Двор был встревожен: влияние Вэй Шао стремительно росло. Приказали: немедленно вывести войска и покинуть округ.
Он подчинился.
Но стоило новому назначенному губернатору подойти к Синьду, как ворота остались закрыты: тысячи жителей встали у стен и не пустили его. Они кричали, требовали: не прогоняйте хоу Вэя
Так повторялось снова и снова. Меняли посланников, но никто не мог войти. Море лиц, гул толпы, гнев и просьбы. Ни один чиновник больше не решался взять на себя такую миссию.
Наконец, не в силах справиться с народной волей, двор отступил.

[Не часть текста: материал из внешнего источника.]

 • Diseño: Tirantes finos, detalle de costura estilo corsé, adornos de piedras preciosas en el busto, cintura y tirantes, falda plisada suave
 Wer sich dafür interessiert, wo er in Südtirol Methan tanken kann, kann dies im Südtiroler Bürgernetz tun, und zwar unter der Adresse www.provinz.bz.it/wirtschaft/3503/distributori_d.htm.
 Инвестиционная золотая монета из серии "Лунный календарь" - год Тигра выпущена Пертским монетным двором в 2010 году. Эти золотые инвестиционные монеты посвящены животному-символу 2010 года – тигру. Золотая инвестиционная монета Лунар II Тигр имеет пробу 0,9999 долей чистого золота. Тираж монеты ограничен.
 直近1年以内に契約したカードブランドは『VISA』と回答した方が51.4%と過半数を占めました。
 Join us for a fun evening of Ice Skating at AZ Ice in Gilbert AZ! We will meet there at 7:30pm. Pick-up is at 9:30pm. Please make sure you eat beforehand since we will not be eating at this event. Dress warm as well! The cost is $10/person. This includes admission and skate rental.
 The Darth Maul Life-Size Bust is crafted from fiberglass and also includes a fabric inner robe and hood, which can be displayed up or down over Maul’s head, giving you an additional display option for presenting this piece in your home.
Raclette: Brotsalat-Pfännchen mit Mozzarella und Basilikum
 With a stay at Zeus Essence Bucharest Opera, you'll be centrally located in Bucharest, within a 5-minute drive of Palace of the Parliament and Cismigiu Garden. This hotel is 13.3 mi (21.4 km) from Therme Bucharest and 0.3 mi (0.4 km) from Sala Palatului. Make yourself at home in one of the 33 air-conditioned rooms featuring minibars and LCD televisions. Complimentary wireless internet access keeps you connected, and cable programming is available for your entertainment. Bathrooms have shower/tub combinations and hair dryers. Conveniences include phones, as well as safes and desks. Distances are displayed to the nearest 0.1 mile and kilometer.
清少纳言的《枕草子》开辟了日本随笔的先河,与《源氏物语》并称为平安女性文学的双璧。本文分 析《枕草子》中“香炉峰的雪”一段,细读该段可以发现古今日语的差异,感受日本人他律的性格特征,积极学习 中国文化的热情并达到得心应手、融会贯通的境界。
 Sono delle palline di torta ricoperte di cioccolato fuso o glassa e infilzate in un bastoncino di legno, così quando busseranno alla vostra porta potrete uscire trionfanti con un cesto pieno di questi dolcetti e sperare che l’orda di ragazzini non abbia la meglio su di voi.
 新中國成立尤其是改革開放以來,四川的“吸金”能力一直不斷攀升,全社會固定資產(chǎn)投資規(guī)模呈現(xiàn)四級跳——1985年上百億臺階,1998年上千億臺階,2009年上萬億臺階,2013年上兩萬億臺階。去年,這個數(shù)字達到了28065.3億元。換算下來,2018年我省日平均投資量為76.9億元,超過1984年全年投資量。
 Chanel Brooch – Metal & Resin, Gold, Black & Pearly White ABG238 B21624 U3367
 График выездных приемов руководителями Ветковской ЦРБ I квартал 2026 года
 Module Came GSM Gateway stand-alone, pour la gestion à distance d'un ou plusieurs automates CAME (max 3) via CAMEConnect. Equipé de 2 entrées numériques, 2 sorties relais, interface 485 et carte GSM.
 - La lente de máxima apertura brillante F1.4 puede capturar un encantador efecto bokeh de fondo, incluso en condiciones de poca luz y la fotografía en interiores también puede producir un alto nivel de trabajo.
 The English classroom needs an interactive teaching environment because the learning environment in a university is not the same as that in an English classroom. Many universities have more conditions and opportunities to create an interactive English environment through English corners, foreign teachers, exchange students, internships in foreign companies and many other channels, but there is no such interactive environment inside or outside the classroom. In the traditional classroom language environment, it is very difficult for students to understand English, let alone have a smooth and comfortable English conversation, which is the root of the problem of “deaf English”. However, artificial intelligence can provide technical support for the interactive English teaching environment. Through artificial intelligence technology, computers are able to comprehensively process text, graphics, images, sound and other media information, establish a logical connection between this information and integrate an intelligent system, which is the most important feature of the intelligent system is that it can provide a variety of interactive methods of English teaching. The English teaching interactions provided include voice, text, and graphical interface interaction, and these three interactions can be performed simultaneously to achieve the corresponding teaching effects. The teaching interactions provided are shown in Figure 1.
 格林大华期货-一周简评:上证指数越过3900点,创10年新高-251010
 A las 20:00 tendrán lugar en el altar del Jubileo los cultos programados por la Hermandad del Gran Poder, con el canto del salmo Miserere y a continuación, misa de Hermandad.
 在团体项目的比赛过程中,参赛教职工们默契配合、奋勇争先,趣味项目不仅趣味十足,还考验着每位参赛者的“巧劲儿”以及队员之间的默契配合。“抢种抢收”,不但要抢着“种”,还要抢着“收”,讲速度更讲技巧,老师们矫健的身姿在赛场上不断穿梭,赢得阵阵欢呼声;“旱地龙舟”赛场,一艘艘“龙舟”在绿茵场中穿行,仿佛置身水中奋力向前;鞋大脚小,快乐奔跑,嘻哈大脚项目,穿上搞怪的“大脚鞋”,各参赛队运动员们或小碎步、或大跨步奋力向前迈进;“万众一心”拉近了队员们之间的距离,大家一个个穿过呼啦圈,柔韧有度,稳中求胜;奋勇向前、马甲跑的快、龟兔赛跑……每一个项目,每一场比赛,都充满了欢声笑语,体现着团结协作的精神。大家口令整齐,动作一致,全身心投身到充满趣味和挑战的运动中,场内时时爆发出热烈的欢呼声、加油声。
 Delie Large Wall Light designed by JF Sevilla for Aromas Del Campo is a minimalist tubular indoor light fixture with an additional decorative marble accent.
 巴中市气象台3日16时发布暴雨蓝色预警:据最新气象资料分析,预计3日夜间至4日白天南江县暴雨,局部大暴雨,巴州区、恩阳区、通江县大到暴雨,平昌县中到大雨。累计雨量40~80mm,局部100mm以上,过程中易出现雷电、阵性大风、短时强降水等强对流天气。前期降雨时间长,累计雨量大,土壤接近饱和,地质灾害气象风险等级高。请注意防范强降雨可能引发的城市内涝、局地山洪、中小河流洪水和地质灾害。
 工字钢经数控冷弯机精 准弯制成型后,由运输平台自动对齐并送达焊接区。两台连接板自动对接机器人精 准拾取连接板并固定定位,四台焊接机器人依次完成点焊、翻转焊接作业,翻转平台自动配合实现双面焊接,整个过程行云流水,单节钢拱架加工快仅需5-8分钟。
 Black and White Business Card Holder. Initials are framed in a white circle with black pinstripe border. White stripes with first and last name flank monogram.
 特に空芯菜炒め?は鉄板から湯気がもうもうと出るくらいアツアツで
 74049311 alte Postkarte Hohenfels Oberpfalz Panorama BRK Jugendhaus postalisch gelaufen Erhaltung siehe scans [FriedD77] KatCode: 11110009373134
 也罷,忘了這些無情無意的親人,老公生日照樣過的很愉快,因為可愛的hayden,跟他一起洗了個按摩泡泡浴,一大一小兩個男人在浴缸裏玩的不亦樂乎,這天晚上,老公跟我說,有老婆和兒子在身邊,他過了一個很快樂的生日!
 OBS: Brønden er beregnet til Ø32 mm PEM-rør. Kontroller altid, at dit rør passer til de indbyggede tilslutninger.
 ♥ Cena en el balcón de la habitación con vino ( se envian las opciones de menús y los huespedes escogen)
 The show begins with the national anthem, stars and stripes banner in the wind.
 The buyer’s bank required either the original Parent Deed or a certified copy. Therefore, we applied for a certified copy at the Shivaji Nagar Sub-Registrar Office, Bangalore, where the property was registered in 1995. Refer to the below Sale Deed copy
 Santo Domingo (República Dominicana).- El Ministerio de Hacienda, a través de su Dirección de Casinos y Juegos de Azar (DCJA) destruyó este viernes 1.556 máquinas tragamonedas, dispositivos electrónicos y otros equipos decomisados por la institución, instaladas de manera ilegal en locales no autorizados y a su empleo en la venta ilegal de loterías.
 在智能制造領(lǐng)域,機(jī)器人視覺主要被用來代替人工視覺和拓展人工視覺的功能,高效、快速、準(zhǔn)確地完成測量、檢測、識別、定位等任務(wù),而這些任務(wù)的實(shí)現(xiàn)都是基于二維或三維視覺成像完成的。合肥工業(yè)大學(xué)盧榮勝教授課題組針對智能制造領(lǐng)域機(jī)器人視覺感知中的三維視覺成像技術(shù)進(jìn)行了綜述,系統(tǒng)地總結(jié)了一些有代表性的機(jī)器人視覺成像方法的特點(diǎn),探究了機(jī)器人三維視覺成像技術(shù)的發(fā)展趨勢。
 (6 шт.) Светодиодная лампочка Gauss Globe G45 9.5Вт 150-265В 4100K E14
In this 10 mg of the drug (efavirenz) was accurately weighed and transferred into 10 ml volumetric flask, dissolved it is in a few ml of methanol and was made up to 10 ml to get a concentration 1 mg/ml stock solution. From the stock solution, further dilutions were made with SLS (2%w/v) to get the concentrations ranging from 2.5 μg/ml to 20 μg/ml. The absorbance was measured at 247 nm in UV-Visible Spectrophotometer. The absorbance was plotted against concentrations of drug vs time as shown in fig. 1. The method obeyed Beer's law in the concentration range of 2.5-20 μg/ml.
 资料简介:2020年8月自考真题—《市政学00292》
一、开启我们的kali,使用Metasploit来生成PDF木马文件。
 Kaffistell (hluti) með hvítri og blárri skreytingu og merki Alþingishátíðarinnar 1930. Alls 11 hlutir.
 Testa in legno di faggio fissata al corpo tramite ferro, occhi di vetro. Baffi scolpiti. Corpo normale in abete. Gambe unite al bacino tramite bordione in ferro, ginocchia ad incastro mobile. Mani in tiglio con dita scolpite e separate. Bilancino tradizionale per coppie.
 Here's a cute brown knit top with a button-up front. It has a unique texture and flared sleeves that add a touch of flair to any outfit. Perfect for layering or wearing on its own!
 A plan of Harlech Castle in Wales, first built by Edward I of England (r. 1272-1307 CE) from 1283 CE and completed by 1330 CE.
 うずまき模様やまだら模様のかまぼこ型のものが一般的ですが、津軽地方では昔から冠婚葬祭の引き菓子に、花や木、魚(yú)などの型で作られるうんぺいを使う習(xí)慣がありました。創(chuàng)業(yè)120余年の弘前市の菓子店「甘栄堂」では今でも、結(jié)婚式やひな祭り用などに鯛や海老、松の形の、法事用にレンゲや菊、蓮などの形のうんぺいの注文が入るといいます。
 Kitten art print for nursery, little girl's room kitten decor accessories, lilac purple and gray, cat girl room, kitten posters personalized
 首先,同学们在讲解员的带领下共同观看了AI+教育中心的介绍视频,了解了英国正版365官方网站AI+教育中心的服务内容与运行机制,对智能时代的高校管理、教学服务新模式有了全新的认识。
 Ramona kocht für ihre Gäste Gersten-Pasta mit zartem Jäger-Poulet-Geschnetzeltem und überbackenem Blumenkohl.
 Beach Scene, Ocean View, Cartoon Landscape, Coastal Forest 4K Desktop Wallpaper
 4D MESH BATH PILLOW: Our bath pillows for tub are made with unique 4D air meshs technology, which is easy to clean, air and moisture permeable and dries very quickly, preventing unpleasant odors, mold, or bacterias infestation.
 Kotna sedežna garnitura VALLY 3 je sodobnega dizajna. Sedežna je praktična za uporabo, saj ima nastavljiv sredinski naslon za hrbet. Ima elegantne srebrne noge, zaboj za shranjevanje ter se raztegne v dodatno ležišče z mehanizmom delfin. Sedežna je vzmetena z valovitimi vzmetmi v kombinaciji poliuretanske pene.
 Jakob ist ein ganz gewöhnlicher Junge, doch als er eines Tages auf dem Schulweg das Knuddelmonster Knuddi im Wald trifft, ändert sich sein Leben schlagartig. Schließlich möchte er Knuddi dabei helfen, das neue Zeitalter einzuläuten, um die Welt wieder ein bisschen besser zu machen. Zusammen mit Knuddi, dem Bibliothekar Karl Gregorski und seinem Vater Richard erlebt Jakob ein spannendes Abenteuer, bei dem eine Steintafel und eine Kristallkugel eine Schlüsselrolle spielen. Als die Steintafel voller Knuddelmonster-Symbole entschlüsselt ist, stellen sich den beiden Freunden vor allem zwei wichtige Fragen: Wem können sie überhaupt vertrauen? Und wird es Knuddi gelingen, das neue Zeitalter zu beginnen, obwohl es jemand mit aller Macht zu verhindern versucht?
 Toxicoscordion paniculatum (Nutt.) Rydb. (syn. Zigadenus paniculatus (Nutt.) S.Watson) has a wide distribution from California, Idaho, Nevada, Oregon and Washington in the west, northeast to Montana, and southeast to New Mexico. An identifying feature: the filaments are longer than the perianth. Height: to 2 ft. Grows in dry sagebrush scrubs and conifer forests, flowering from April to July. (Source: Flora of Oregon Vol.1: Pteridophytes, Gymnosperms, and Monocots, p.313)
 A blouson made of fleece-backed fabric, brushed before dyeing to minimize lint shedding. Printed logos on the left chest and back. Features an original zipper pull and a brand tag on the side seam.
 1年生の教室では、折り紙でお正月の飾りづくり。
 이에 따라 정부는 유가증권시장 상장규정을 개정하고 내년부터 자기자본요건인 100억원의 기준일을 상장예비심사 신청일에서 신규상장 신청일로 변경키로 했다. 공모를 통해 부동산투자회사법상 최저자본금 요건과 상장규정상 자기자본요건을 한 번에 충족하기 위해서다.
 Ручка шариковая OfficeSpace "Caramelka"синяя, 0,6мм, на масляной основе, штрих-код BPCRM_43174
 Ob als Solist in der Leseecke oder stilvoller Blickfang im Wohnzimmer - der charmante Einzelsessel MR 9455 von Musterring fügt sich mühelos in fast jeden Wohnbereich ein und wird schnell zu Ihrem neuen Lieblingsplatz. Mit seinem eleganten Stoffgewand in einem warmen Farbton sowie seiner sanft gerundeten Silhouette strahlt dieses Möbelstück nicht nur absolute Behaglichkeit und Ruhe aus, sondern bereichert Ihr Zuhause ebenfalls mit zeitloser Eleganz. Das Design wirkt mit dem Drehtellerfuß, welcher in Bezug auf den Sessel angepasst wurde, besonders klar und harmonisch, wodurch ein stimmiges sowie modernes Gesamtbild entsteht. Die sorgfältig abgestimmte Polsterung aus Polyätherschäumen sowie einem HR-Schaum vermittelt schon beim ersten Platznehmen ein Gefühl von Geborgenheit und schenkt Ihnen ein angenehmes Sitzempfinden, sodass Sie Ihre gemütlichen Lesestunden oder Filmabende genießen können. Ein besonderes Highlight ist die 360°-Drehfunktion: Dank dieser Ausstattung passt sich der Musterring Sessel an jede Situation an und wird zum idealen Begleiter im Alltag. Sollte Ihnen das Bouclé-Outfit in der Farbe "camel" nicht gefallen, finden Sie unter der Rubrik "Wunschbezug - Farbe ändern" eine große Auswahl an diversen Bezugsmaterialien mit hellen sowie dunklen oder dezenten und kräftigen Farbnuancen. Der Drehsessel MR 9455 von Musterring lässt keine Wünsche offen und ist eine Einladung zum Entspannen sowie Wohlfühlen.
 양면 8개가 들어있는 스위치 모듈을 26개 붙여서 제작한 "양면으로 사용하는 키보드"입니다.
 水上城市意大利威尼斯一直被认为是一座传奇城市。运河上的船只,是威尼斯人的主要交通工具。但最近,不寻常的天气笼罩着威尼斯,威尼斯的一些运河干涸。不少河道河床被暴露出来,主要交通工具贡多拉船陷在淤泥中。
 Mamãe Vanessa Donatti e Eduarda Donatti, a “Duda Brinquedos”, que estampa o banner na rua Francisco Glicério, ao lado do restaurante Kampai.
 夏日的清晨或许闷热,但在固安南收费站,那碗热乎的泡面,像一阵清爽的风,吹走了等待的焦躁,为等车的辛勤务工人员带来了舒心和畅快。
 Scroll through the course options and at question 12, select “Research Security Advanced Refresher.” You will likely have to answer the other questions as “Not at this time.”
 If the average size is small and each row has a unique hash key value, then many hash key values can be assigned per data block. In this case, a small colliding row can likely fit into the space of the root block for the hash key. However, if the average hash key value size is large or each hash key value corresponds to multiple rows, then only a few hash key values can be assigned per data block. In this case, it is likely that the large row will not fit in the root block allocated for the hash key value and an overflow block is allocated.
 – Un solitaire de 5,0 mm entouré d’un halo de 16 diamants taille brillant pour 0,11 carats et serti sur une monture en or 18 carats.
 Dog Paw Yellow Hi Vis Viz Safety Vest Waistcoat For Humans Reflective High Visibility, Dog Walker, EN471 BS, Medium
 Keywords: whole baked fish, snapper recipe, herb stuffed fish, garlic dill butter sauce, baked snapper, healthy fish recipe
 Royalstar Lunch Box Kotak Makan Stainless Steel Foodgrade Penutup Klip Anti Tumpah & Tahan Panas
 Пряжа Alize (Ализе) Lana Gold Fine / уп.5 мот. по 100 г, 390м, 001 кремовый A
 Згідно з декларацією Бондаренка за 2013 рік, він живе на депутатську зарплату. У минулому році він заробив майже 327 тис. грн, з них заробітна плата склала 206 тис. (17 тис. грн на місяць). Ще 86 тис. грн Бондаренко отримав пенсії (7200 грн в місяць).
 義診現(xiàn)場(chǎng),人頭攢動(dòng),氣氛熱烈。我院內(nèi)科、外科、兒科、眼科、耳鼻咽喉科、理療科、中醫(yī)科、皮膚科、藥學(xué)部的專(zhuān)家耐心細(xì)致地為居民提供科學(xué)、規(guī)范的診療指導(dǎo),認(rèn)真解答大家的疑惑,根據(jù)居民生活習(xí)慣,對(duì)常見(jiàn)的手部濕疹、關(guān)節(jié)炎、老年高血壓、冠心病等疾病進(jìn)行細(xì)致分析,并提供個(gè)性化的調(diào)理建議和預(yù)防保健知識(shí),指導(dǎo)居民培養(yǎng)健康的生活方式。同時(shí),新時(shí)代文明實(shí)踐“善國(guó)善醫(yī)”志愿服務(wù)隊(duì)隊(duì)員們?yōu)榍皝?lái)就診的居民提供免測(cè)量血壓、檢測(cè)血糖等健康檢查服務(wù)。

И позволил Вэй Шао временно возглавить управление округом.
Он вернулся в Синьду.
И в тот день, когда его армия вошла в город вновь, народ встречал их вдоль улиц, с цветами и песнями, с флагами и поклонами. Так прошло почти целый год.
Сейчас Вэй Шао находился именно там — в Синьду.
И именно поэтому брачная церемония была назначена здесь, на месте.
Путь от Яньчжоу до этих стен был и удобен, и безопасен — особенно теперь, когда земля уже подчинена.
Город Синьду был невелик по меркам великих столиц, но на землях Цзичжоу его имя знал каждый.
Во времена Воюющих царств, когда Чжао вел бои с Вэй, потеря Ханьданя заставила Чжао на три года сделать Синьду временной столицей. Тогда же в черте города возвели дворец Синь-гун, в центре которого выстроили высокую башню — Сандаловую террасу. Башня была воздвигнута из столетнего красного сандала, высотой в десятки чжанов, с которой открывался вид на весь город.
Прошли века, многое разрушилось и было восстановлено, но Сандаловая терраса уцелела. Слово «дворец» в её названии заменили на «резиденция» — и с тех пор она стала официальной резиденцией правителей округа.
Именно здесь остановился Вэй Шао, когда вошёл в Синьду.
Повозка с невестой въехала в городские ворота неторопливо, в окружении охраны.
Сяо Цяо приоткрыла занавесь и взглянула наружу. Ровная поверхность городской реки мерцала под бледным светом зимнего солнца. Главная улица была вымощена большими плитами синего камня — дорога настолько широка, что десять всадников могли ехать в ряд. По сторонам тянулись дома — плотно, но аккуратно. Всё здесь было иным, не таким, как в родном округе Дунцзюнь.
Янчжаоский дух — строгий, древний — словно шёл навстречу с каждым порывом ветра.
Люди на улицах — старики, женщины, дети — останавливались, завидев пышную повозку. Они с любопытством провожали её взглядами, будто даже не знали, что Вэй Шао собирается жениться.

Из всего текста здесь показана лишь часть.